Drawing on two decades of ethnographic research in Sulawesi, Indonesia, Tania Murray Li offers an intimate account of the emergence of capitalist relations among indigenous highlanders who privatized their common land to plant a boom crop, cacao. Spurred by the hope of ending their poverty and isolation, some prospered, while others lost their land and struggled to sustain their families. Yet the winners and losers in this transition were not strangers-they were kin and neighbors. Li's richly peopled account takes the reader into the highlanders' world, exploring the dilemmas they faced as sharp inequalities emerged among them.

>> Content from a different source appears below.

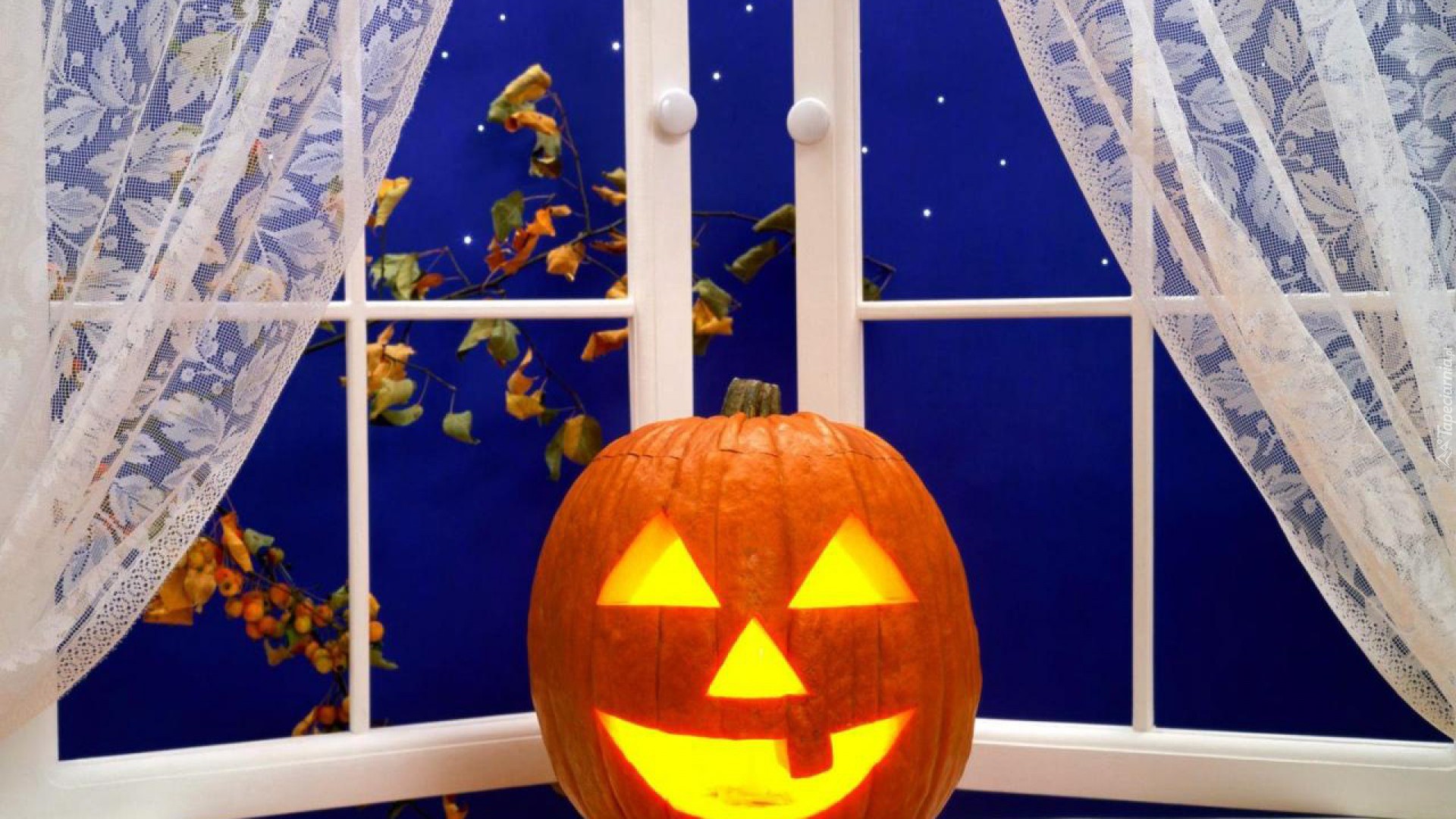 Edytor tapety: Halloween, Okno, Noc, Liście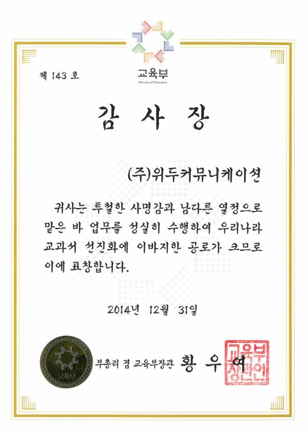감사장 제 143호 페이지 정보 작성자 WeDu 댓글 0건 조회 5,907회 작성일 19-05-30 19:33 본문 2014-12-31 감사장 제 143호 교과서 선진화 부총리 겸 교육부장관 황우여 List Previous산업통상자원부 표창장 19.05.30 Next한국여성벤처협회 표창장 19.05.30

The book challenges complacent, modernization narratives promoted by development agencies that assume inefficient farmers who lose out in the shift to high-value export crops can find jobs elsewhere. Decades of uneven and often jobless growth in Indonesia meant that for newly landless highlanders, land's end was a dead end. The book also has implications for social movement activists, who seldom attend to instances where enclosure is initiated by farmers rather than coerced by the state or agribusiness corporations. Li's attention to the historical, cultural, and ecological dimensions of this conjuncture demonstrates the power of the ethnographic method and its relevance to theory and practice today.

About the author

Tania Murray Li is Professor of Anthropology at the University of Toronto, where she holds the Canada Research Chair in the Political-Economy and Culture of Asia. She is the author of The Will to Improve: Governmentality, Development, and the Practice of Politics, also published by Duke University Press; coauthor of Powers of Exclusion: Land Dilemmas in Southeast Asia; and editor of Transforming the Indonesian Uplands: Marginality, Power and Production.